Laria pushed into the room, her eyes wide and hair out of its usual ponytail. Static made it fly around her head in an odd sort of wind effect, giving her a crazy scientist appearance for a moment. She shut the door behind her, more loudly than she probably intended, and took the five steps to Shayla’s desk in three mini jumps before slamming both hands onto the table.
“This is scary amazing, Shayla.”
Shayla took a step back, having almost reached her chair before Laria voiced exactly the opposite to how Shayla felt.
“Really? How so?” Shayla prodded cautiously.
“This. The forced shut down, the frantic runaround. I think the system is protecting itself.” Laria smiled and rushed on ahead. “Rav has no idea how this is happening. None of them do, but we all know something went wrong in the Ruins of Cenedril, and this is the system shutting down to regain control of it, or to protect what’s within. We have no idea what was going on in there, but I think this means we don’t have to worry about the kids.”
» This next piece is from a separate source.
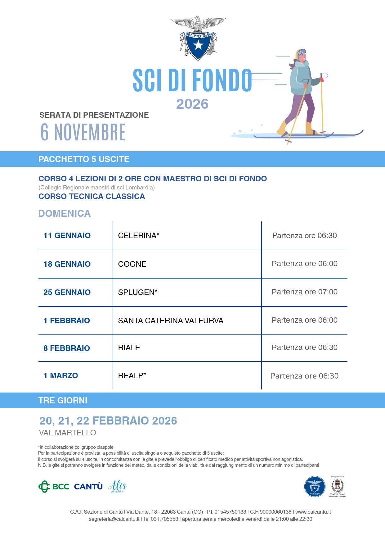 © CAI Cantù   Via Dante 18   22063 Cantù (CO)   |   P.I. 01545750133   ⁄   C.F. 90000060138           Facebook Youtube

There it was, the whole reason for her joy. They didn’t have to worry about the kids, but Shayla wasn’t sure how to tell her friend she wasn’t being realistic. She wasn’t being analytical. Laria was being hopeful, and it wouldn’t be enough this time. Opting to pull off the band aid, Shayla sighed.
“That’s fantastic and all, but we still need to be able to explain all of this to Davenport, his lawyers, and likely the entire damn Storm board of directors. This isn’t fun, and this isn’t amazing—this is dangerous for us, for Wren, and for the company, Laria.” Shayla tried hard not to lecture, but the frustration was difficult to keep at bay. Things built up if she let them, and right now Laria wasn’t acting her age. “You’re smarter than this. Don’t get caught up in the glimmer of hope.”